La lectura de la Pasión de Jesús que este día del Triduo Pascual escuchamos sobrecoge. Y es difícil que algo, una vez escuchado año tras año, tantas veces, sobrecoja del modo en que lo hace el relato de la Pasión. Si uno se atreve a entrar en la escena de aquel día en Jerusalén tiene la posibilidad de situarse ante los acontecimientos y posicionarse ante ellos. Siempre me llamó mucho la atención Simón de Cirene, el padre de Rufo y Alejandro, “un trabajador” que al regreso de su dura jornada se encuentra de bruces con Jesús y con su cruz. ¿Pasaba por allí por casualidad? ¿Se hizo el encontradizo? Bueno, parece que le “forzaron” a ayudar a cargar la cruz de Jesús. No sabemos más de él. El caso es que acompañó a Jesús… me lo imagino días después, al ver que Aquel a quien ayudó resucitaba de entre los muertos y verdaderamente era el Hijo de Dios, el Dios con nosotros, el Salvador del mundo.

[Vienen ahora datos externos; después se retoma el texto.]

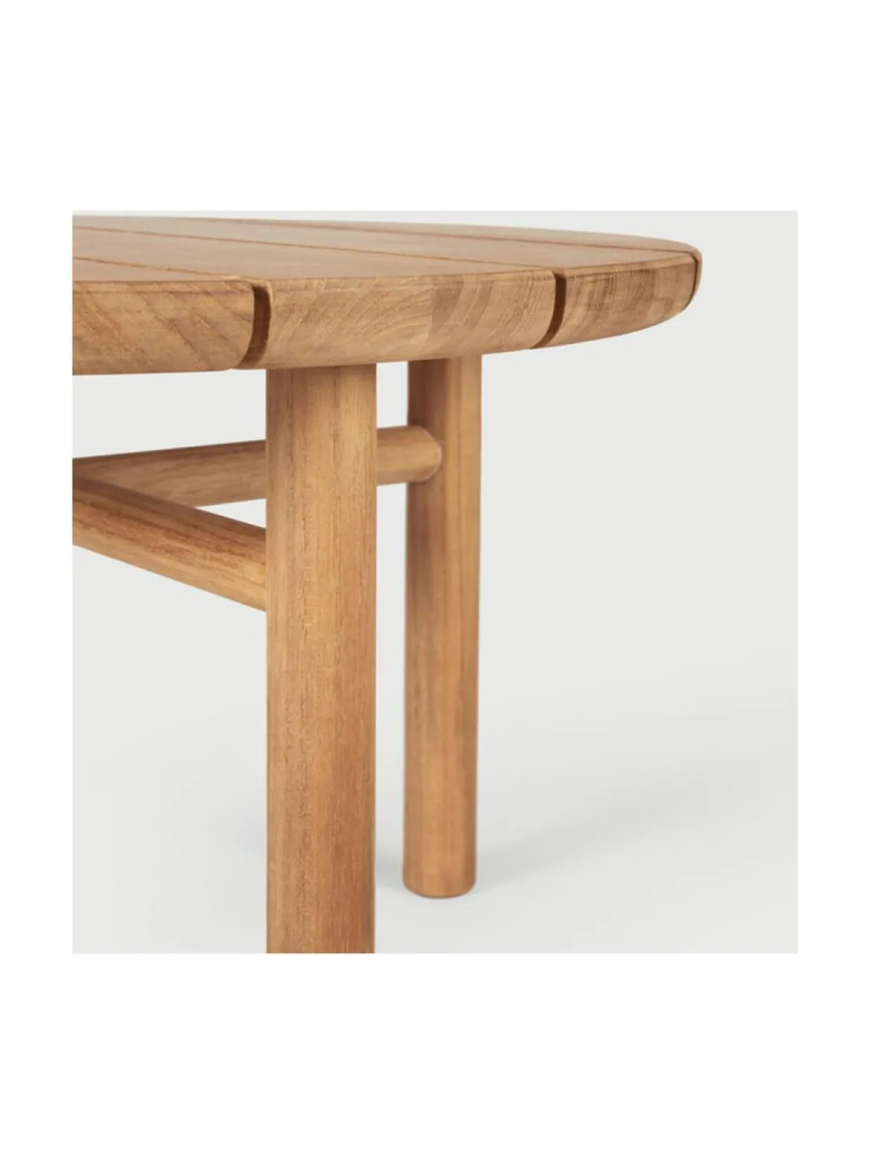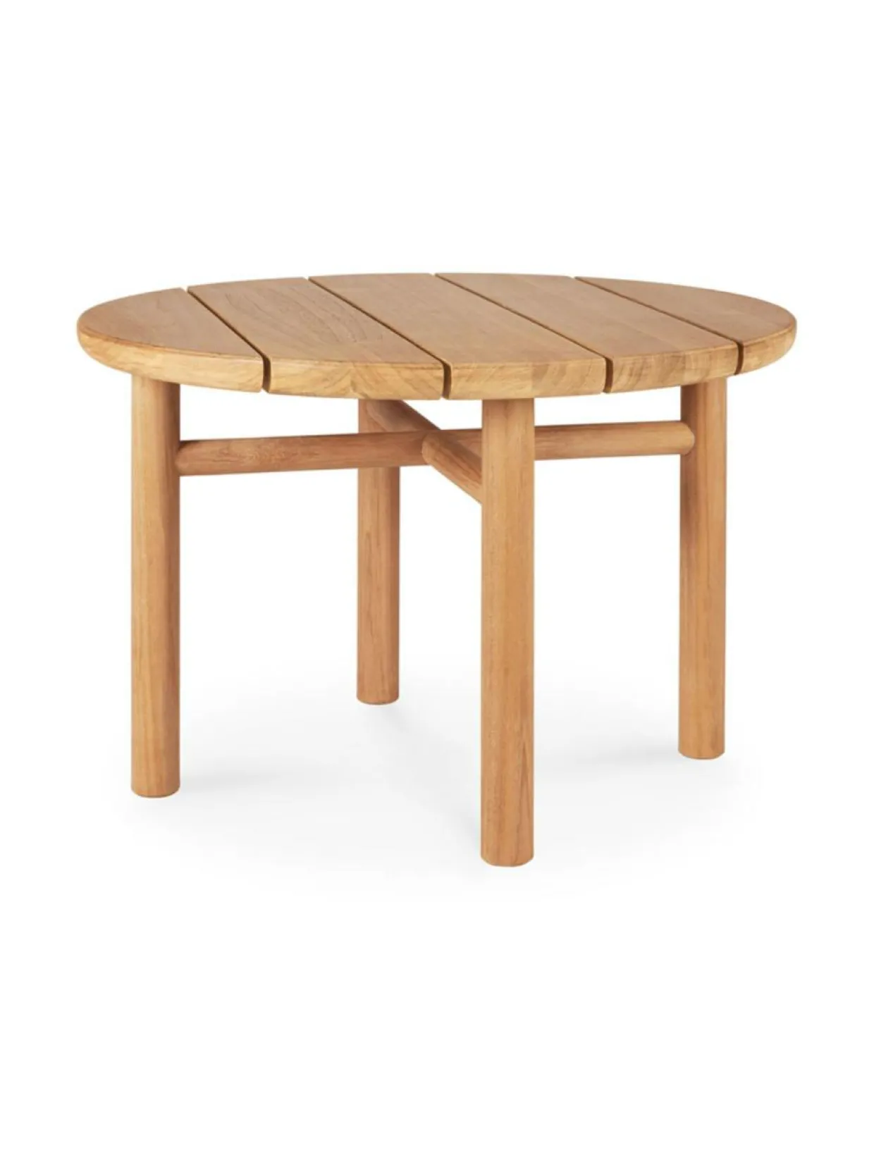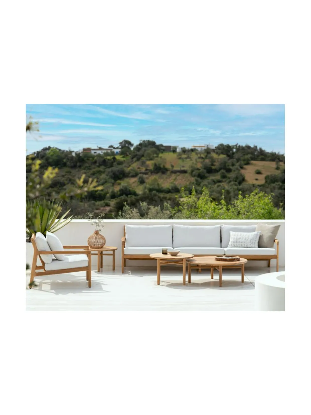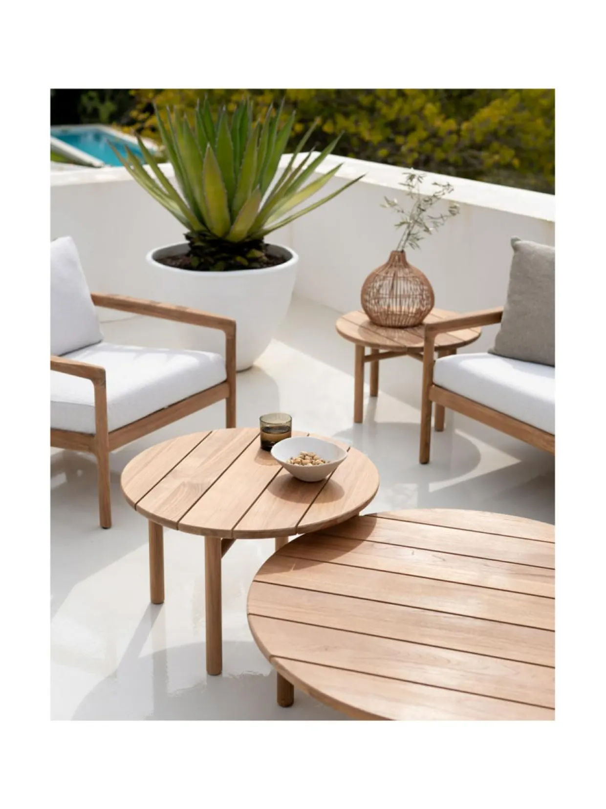 Quatro outdoor teak -sohvapöytä on pyöreä, massiivitiikkinen sohvapöytä terassillesi. Käsittelemätön tiikki ei tarvitse huoltoa ja se saa ajan kuluessa kauniin harmaan patinan.

Siempre que llega el viernes santo intento pensar cuántas cruces conozco, en mí y en los demás. Cuántas cruces propias necesito convertirlas en signos de vida y de esperanza. Cuántas cruces ajenas puedo (debo, quiero, me gustaría, estoy llamado a…) cargar sobre mí, a pesar de mi cansancio, a pesar de volver del trabajo duro de una jornada… ¿cuántas?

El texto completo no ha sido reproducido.